- _Problem statement_: The result should hold only the lines from the one with "नियन्त्रण पश्चात उनको" through the final line of the data below, transcribed exactly, pictures left out.

- _Data excerpt_:
----

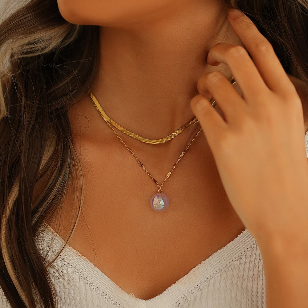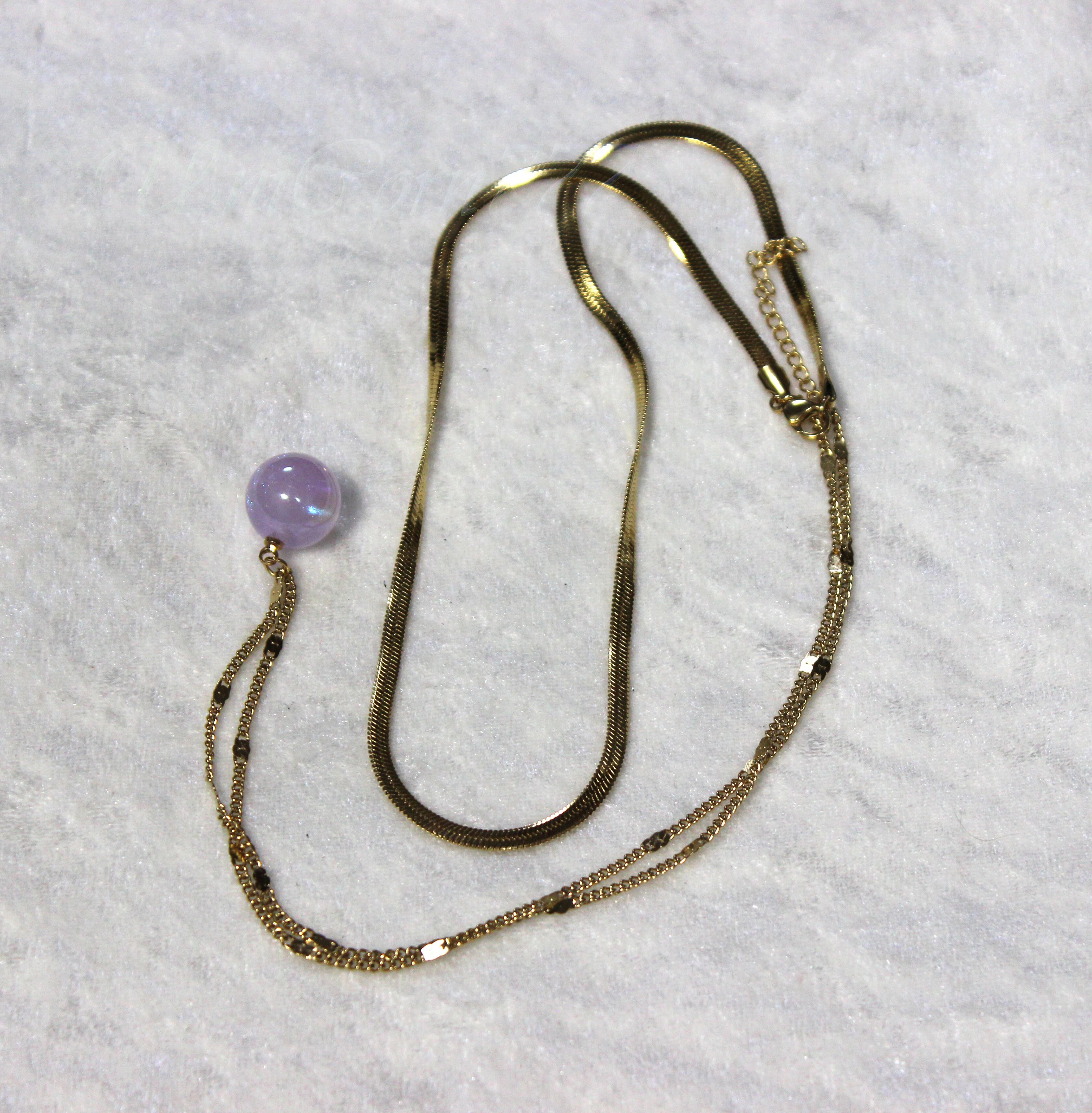 ダブルチェーンと虹色ボールのネックレス サージカルST [UNIA22000847]
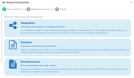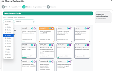 Crea evaluaciones personalizadas con etapas de distintos niveles académicos, ajustando cantidad de actividades y programando su aplicación con flexibilidad.
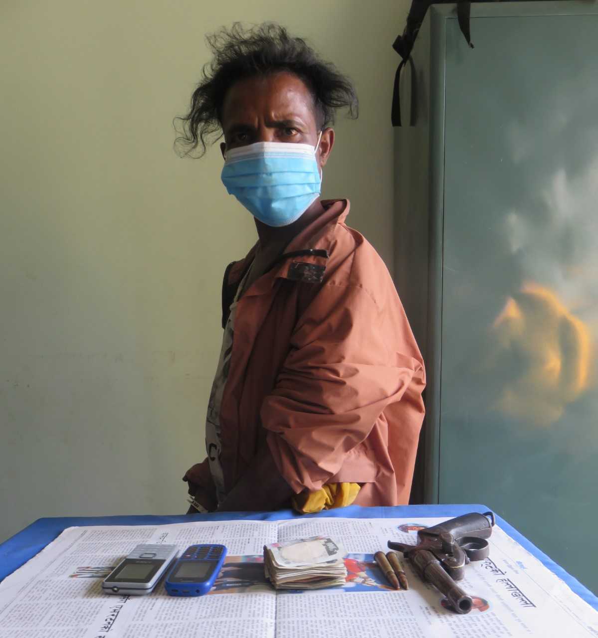 नियन्त्रण पश्चात उनको चेकजाँच गर्दा कम्मरमा लुकाई छिपाई राखिएको अवस्थामा एक थान कटुवा पेस्तोल, दुई राउण्ड गोली र नगद १९ हजार ३ सय २५ रुपैया समेत फेलापारी बरामदगरिएको जिल्ला प्रहरी कार्यालय मोरङले जनाएको छ । उनीमाथि थप अनुसन्धान भईरहेको प्रहरीले जनाएको छ ।
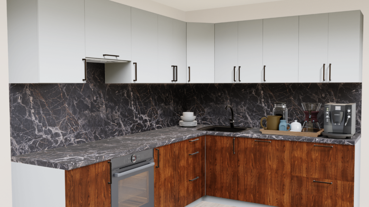 2. Угловая кухня Белый софт 3005 со столешницей 3029-S Мрамор марквина черный и со стеновой панелью 3029-S Мрамор марквина черный.

----

- _The answer_:
 नियन्त्रण पश्चात उनको चेकजाँच गर्दा कम्मरमा लुकाई छिपाई राखिएको अवस्थामा एक थान कटुवा पेस्तोल, दुई राउण्ड गोली र नगद १९ हजार ३ सय २५ रुपैया समेत फेलापारी बरामदगरिएको जिल्ला प्रहरी कार्यालय मोरङले जनाएको छ । उनीमाथि थप अनुसन्धान भईरहेको प्रहरीले जनाएको छ ।
 2. Угловая кухня Белый софт 3005 со столешницей 3029-S Мрамор марквина черный и со стеновой панелью 3029-S Мрамор марквина черный.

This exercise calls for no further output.